JC Economics Essay Positive Externality in Consumption Model Answers
There are 4 types of externalities, of which a Positive Externality in Consumption is one. Similar to healthcare, the market for education is an example of market failure, namely allocative inefficiency. There are possibly other forms of failure as well. Without government intervention, education is definitely under-consumed in a free market.
(a) Explain how income inequality and pollution are causes of market failure. [10m]
(b) Assess the economic case for varying extent of government intervention in the market for education in Singapore. 
(We focus on education in S’pore in this sample, but the essay treatment is the same for all context listed above.)

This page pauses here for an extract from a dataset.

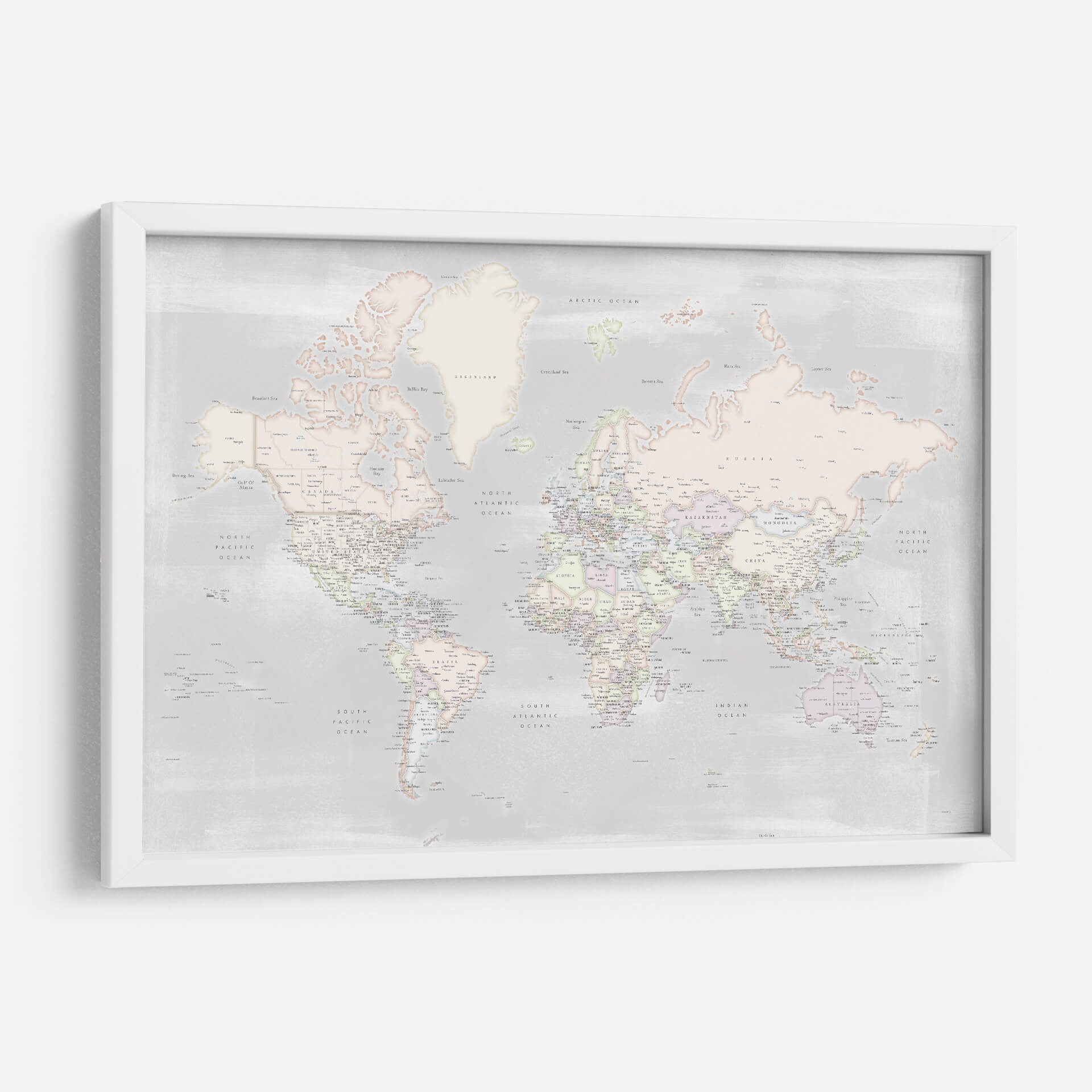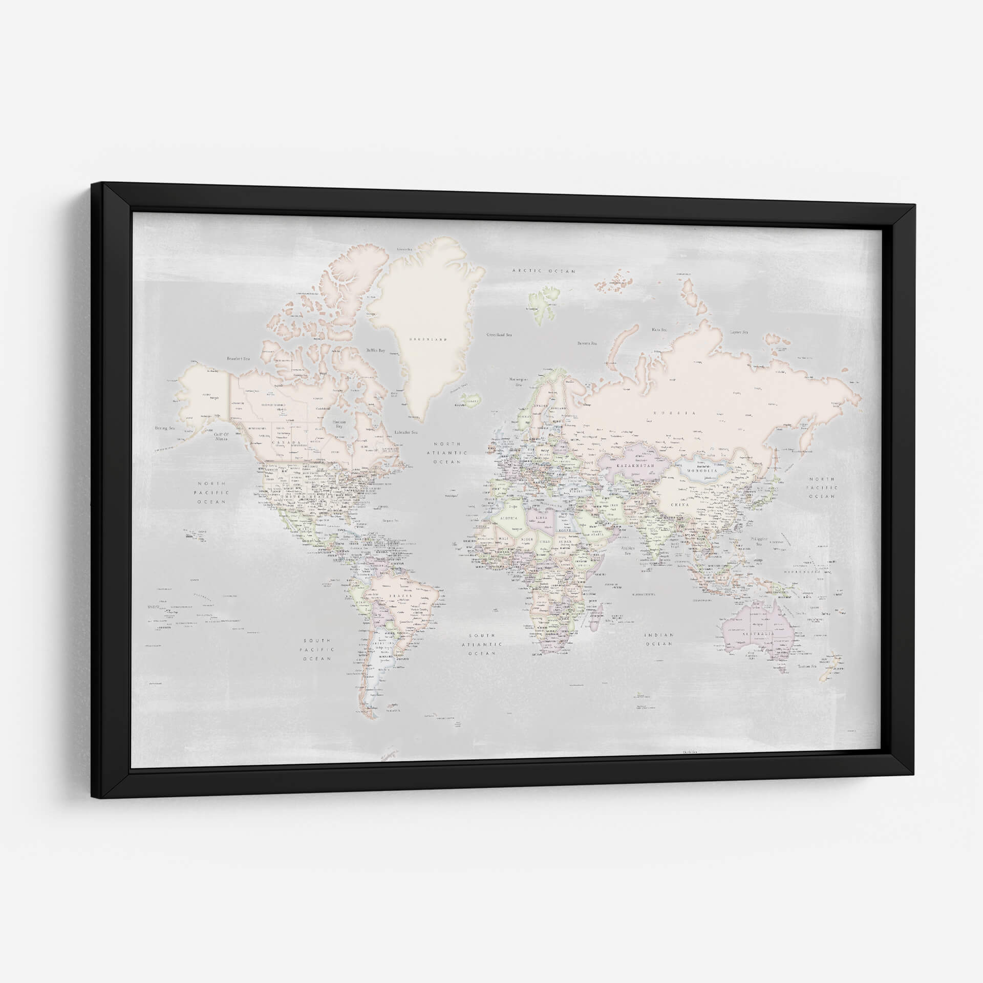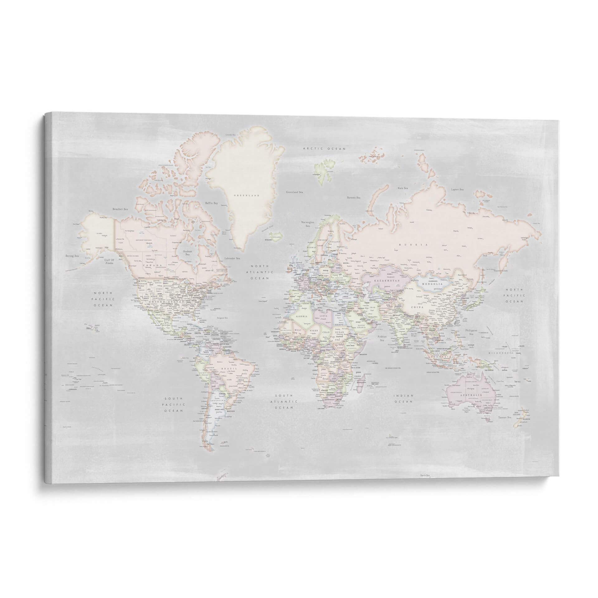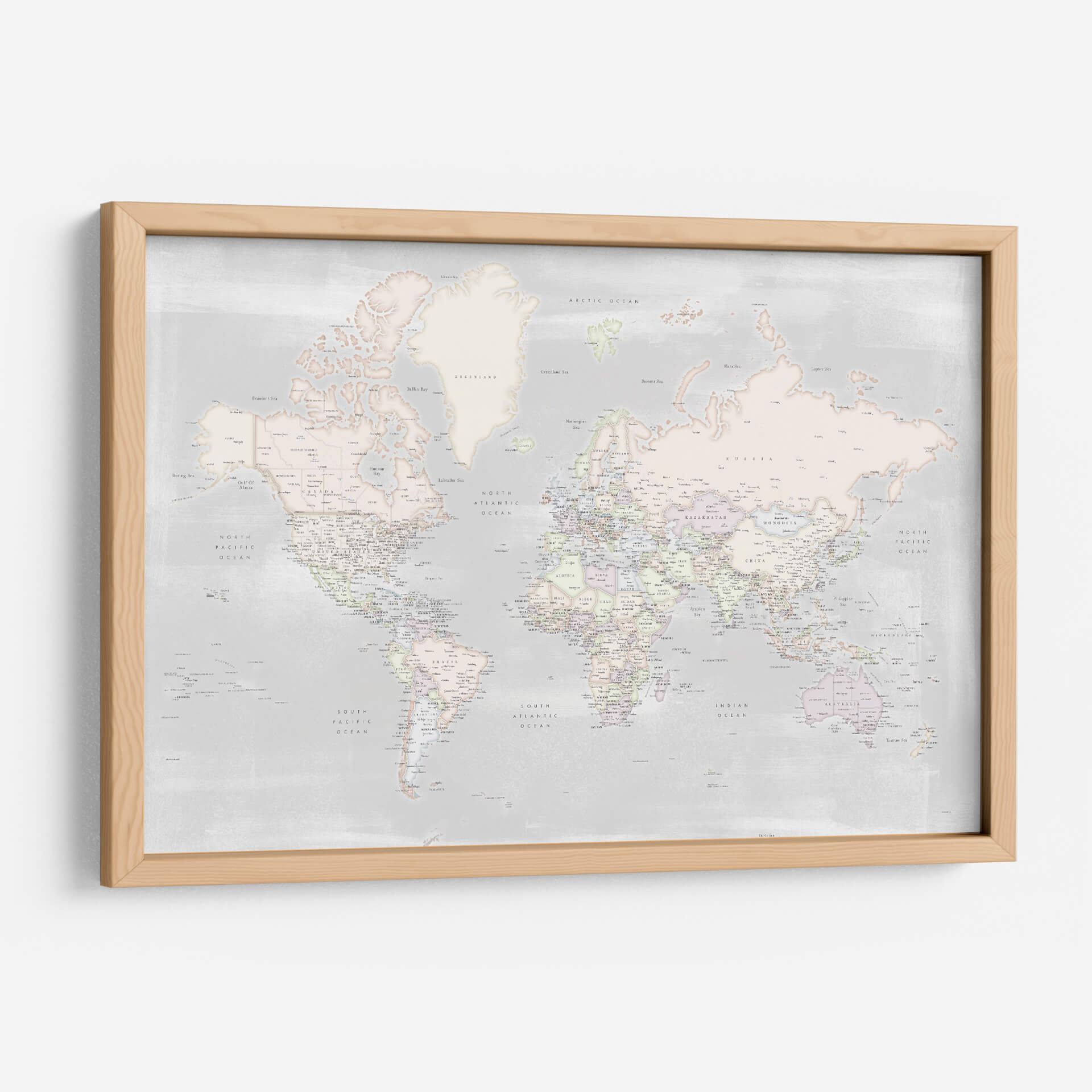 Embárcate en un viaje visual con este detallado mapa mundial, presentado en una paleta de colores pastel suave y serena. La obra de Rosana Laiz captura la esencia de nuestro planeta con una precisión exquisita, detallando países, océanos y ciudades con una delicadeza que invita a la exploración. El estilo contemporáneo y la sutileza de los tonos pastel crean una atmósfera de calma y sofisticación, ideal para cualquier espacio que busque un toque de elegancia y conocimiento geográfico. Este cuadro decorativo no es solo una representación del mundo, sino una ventana a la conexión global, perfecta para inspirar curiosidad y un sentido de unidad. Su diseño limpio y estético lo convierte en una pieza versátil, capaz de realzar desde un despacho moderno hasta un dormitorio acogedor. Añade un toque de inspiración geográfica y serenidad a tu hogar u oficina con este mapa mundial contemporáneo, una pieza que combina arte, educación y diseño de manera armoniosa. Es la elección perfecta para los amantes de la geografía, los viajeros empedernidos o cualquiera que aprecie el arte con un propósito.

JC Economics Essay – Positive Externality in Consumption for Education
Part A essay:
Refer to suggested answer essay on inequity and pollution here.
Part B essay:
Explain why the market for education in Singapore fails:
The market for education in Singapore is an example of a merit good. It has positive externalities and is deemed intrinsically desirable by the government. Due to the problem of imperfect information about the benefits of education, it tends to be under consumed when left to an individual. Thus, to correct market failure, varying degree of government intervention is required to achieve a more efficient allocation of resources so as to ensure that society’s welfare is maximised. The marginal private benefit (MPB) to an individual receiving education refers to the improvement in knowledge and ability to secure a higher paying career.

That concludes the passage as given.